As I say honest opinions please!!

OP posts:
Springhassprung86 · 09/05/2022 20:45

Oh OP. I have no real advice but just wanted to send you a big hug. Of course you’re not being selfish, it sounds like an awful situation for both of you. Do you think maybe your DH is burying is head in the sand and this is his way of coping, by working so much?

Cuddlemuffin · 09/05/2022 20:48

I don't think you're being selfish at all. It's totally okay to ask for your needs to be met in your relationship. I think you need to have a chat with him about how you're feeling x

Veol · 09/05/2022 21:01

It sounds like he might be pushing himself very hard and possibly even distancing himself a bit as a way of coping. I don’t think you are being unreasonable or selfish and you should talk to him about it.

TimeForGouter · 09/05/2022 21:34

Oh gosh OP what a tough situation and I’m so sorry you find yourself here. I do think you need to raise it with him again; you are not being selfish to want his company. It does sound like he might be burying his head in the sand a bit.

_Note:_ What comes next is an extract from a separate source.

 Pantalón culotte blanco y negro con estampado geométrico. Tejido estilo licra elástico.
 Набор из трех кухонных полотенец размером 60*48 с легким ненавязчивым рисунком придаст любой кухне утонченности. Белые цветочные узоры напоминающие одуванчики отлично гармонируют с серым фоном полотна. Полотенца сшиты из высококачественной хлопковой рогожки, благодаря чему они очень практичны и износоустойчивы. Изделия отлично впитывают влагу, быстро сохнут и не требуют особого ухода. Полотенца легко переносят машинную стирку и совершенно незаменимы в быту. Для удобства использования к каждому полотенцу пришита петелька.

I guess the only thing I’d add is that you don’t say how old the teens are; if they’re young teens might he find himself raising them alone? In which case he really would be better off with a less stressful job anyway?
Will his job give him adequate compassionate leave? I suppose these are things for him to consider in addition to the impact his job is having now.

Speakuptomakeyourselfheard · 09/05/2022 21:44

I am so sorry to hear about your cancer OP, it must be an awful time for all of you, and like others, I'm inclined to think that your OH is burying his head in the sand. This is the sort of thing that mine would do, so I recognise the symptoms. However in your case, there is no time to waste, are there no groups that you have been told about where you might get help and advice? I do hope you can find someone to help you deal with this, as health aside, the emotional side of this must be very painful for you. I really hope that you can find someone to help you and your family through this. Sending you hugs.

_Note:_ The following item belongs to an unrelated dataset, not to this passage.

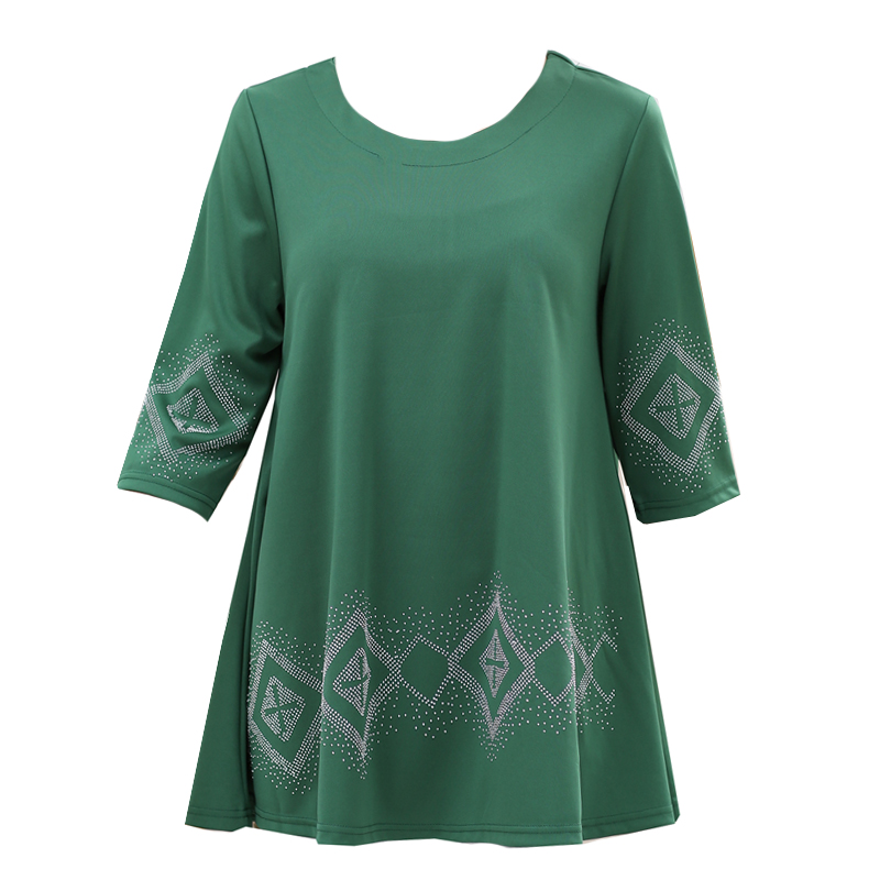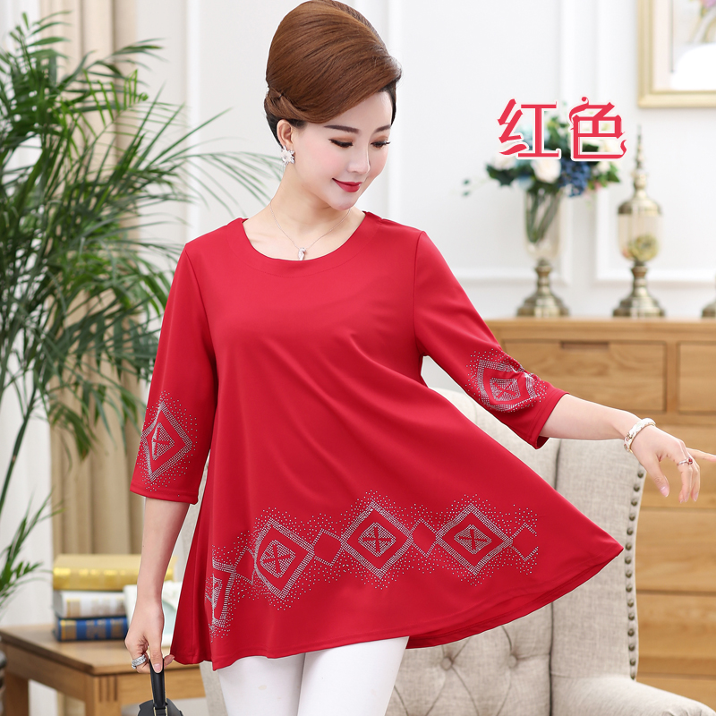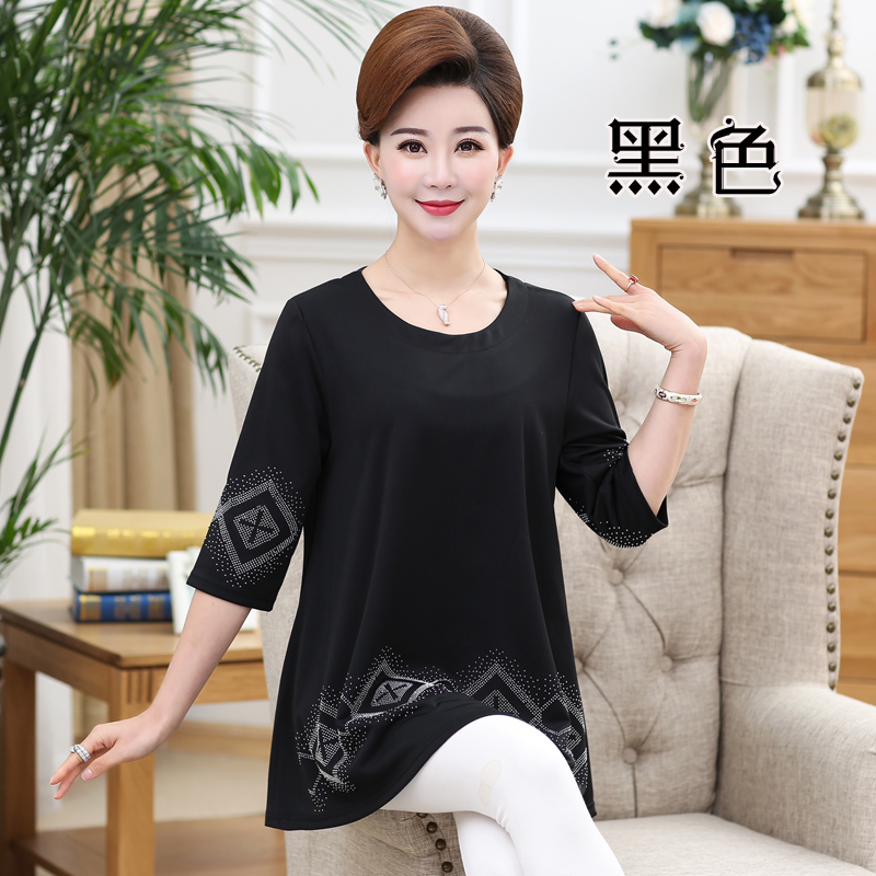 胖MM圆领T恤大码镶钻中袖妈妈装
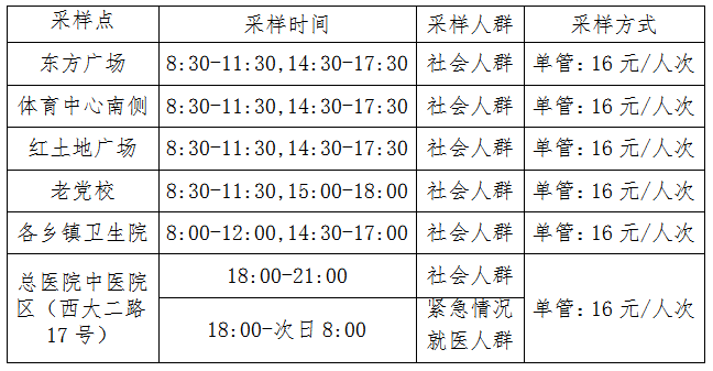12月24日起將全縣現(xiàn)有核酸采樣點一并調整為社會人群愿檢盡檢收費采樣點;總醫(yī)院中醫(yī)院區(qū)核酸采樣點社會人群采樣時間調整為18:00-21:00,緊急情況就醫(yī)人群采樣時間為:18:00-次日8:00;各鄉(xiāng)鎮(zhèn)衛(wèi)生院(不包括翠江社區(qū)衛(wèi)生服務中心和城郊衛(wèi)生院)采樣時間由24小時開放調整為8:00-12:00,14:30-17:00。調整后全縣核酸采樣點分布如下:

Skiptheheartsandflowers · 09/05/2022 21:49

I don't think it's remotely selfish to want your husband to allocate some time to spend with you, when you are aware there will not be the luxury of another 20-30 years for him to do that ahead. I would tell him straight that you would like some quality time with him while you're still in a position to enjoy it 💐

SWSUN · 09/05/2022 21:52

DH would absolutely say he hates the hours he works and the pressure he is under. I do think maybe he thinks better the devil you know when he does need compassionate leave etc.

I also think he has a problem saying no which would follow him anywhere. He worked all over Christmas has his boss was off sick and not contactable. However he had no time off recently after covid and two operations of his own . He literally has an op on a Friday and was working on the monday.

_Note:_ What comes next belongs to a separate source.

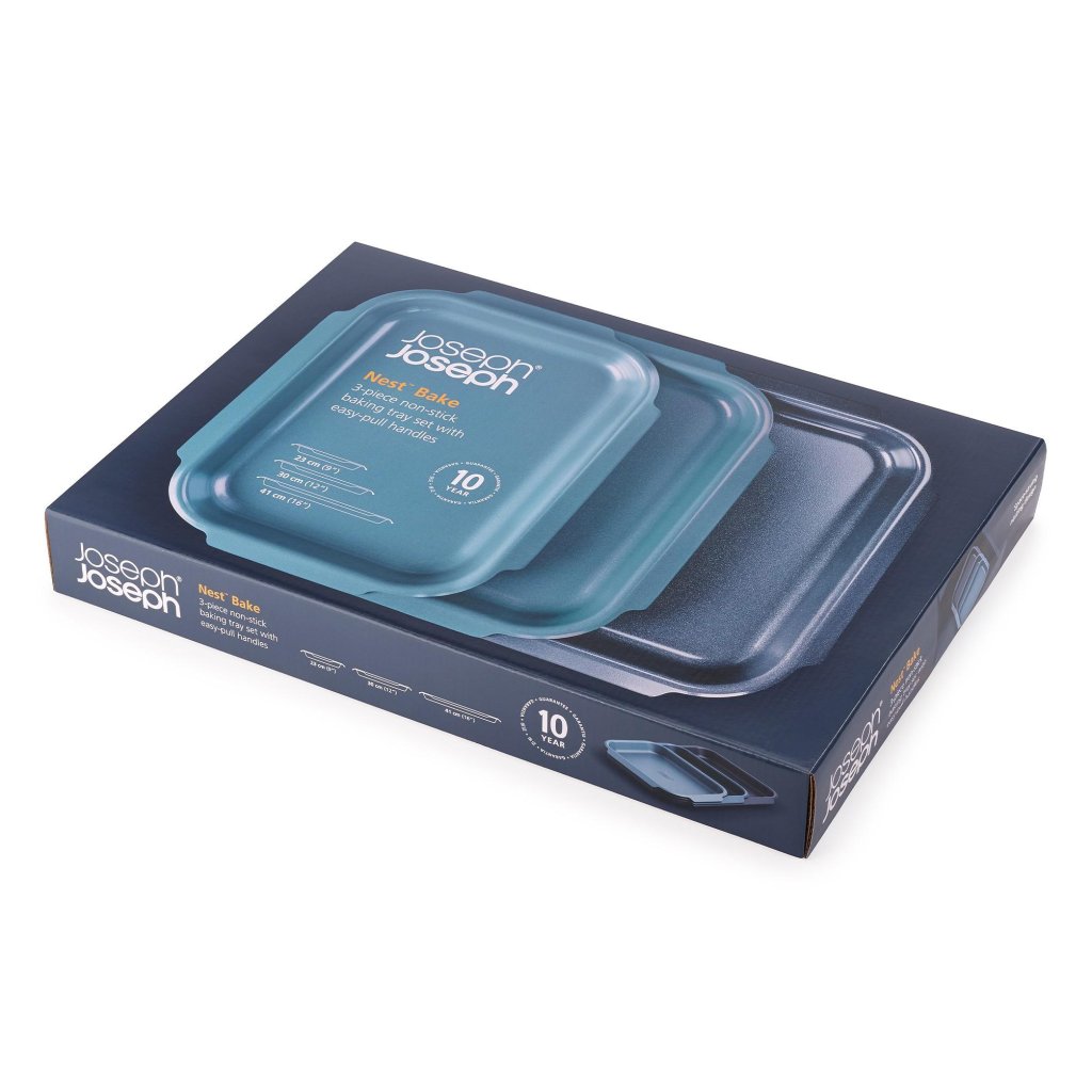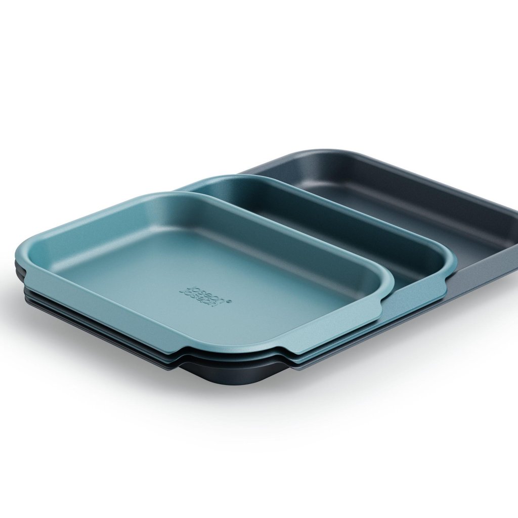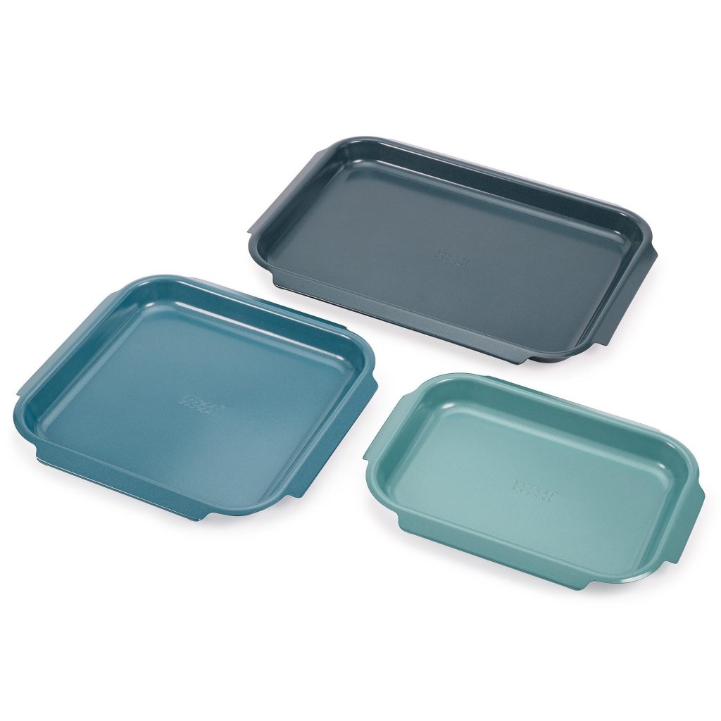 Blacha do pieczenia z podwyższonymi brzegami NEST BAKE 45064, zestaw 3 szt., niebieski, stal, Joseph Joseph
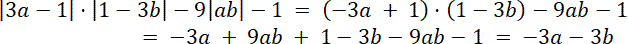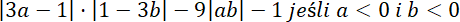 Skoro a<0 i b<0, to |3a - 1| będzie zawsze ujemne i przy opuszczaniu musisz zmienić znaki. Wartość |ab| będzie zawsze dodatnia i tu nie musisz zmieniać znaków. Wartość |1 - 3b| również będzie zawsze dodatnia i tutaj też nie musisz zmieniać znaków:

He has been working whilst I have waited for appointments and said couldn’t visit me in hospital a couple of times when it was a very very busy time. The fact covid has meant me going on my own the last couple of years (since my initial diagnosis really) has meant he has not had to make any hard decisions.

It’s all a mess!

OP posts:
Ilikewinter · 09/05/2022 21:57

Oh wow OP this must be tough for you, I agree with PP in that could your DH be using work as a distraction to facing up to what must be a really stressfull situation for you both.

I think you need to have an honest conversation about how you feel but, is it possible for him to take a step back from work a bit, or lighten the load, to enable hum to keep his job but give you some quality time together?

Does his employer know your health situation, if they do they may be understanding about helping with the workload?

SWSUN · 10/05/2022 08:34

His employers do know but I imagine it is a bit of an abstract concept as nothing has changed and I am still relatively well and work part time myself.

He came to bed at 10.30 having just finished (that is unusual) and said he felt a bit unhinged. I honestly don’t know what to do about it all. I said that something really needs to change with it all. I can’t make him do anything.

I think my selfish comments come from saying well what about me when he gives all his spare time and energy to the kids. I can’t say watch TV with me rather than help them with maths!!